*Instructions to follow*.
From the records below, transcribe only the lines running from the one with "这个是2019年华侨生中文试题" through the one with "- Complete Access". Keep both of those end lines.

*** Opening Dataset records ***

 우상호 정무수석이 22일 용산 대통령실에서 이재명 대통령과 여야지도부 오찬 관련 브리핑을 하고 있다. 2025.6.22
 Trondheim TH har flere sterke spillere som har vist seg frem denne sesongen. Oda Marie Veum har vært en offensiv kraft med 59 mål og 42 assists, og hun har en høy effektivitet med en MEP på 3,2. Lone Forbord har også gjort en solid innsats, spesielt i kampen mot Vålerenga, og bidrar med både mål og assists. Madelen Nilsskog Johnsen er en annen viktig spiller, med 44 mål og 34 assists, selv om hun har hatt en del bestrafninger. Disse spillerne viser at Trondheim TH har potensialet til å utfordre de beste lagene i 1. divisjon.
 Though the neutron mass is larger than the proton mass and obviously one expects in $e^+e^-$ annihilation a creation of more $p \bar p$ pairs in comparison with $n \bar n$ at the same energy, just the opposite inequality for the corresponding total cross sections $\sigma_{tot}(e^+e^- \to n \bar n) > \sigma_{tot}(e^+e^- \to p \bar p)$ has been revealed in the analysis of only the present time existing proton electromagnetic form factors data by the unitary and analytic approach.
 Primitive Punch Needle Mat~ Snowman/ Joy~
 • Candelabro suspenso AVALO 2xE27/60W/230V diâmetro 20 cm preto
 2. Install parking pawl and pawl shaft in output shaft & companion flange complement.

*** Closing Dataset records ***
*** Opening Dataset records ***

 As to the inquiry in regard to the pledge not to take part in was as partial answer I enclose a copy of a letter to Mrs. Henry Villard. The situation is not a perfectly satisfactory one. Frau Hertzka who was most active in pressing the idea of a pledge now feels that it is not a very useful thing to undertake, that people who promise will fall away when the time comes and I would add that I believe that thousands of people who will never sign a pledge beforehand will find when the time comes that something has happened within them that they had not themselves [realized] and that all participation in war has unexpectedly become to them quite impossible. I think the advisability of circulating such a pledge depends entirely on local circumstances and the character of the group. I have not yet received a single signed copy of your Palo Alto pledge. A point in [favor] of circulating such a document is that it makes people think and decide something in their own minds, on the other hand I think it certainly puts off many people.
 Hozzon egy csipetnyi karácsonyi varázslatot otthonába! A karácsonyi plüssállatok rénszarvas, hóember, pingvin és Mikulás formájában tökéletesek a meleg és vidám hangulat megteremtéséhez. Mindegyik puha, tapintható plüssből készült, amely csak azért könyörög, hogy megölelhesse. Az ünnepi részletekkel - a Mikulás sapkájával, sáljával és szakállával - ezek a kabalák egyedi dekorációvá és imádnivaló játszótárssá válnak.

*** Closing Dataset records ***
*** Opening Dataset records ***

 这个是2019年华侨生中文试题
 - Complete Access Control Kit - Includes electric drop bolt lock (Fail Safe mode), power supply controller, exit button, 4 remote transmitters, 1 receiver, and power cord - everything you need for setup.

*** Closing Dataset records ***

*Result for this task*.
 这个是2019年华侨生中文试题
 - Complete Access Control Kit - Includes electric drop bolt lock (Fail Safe mode), power supply controller, exit button, 4 remote transmitters, 1 receiver, and power cord - everything you need for setup.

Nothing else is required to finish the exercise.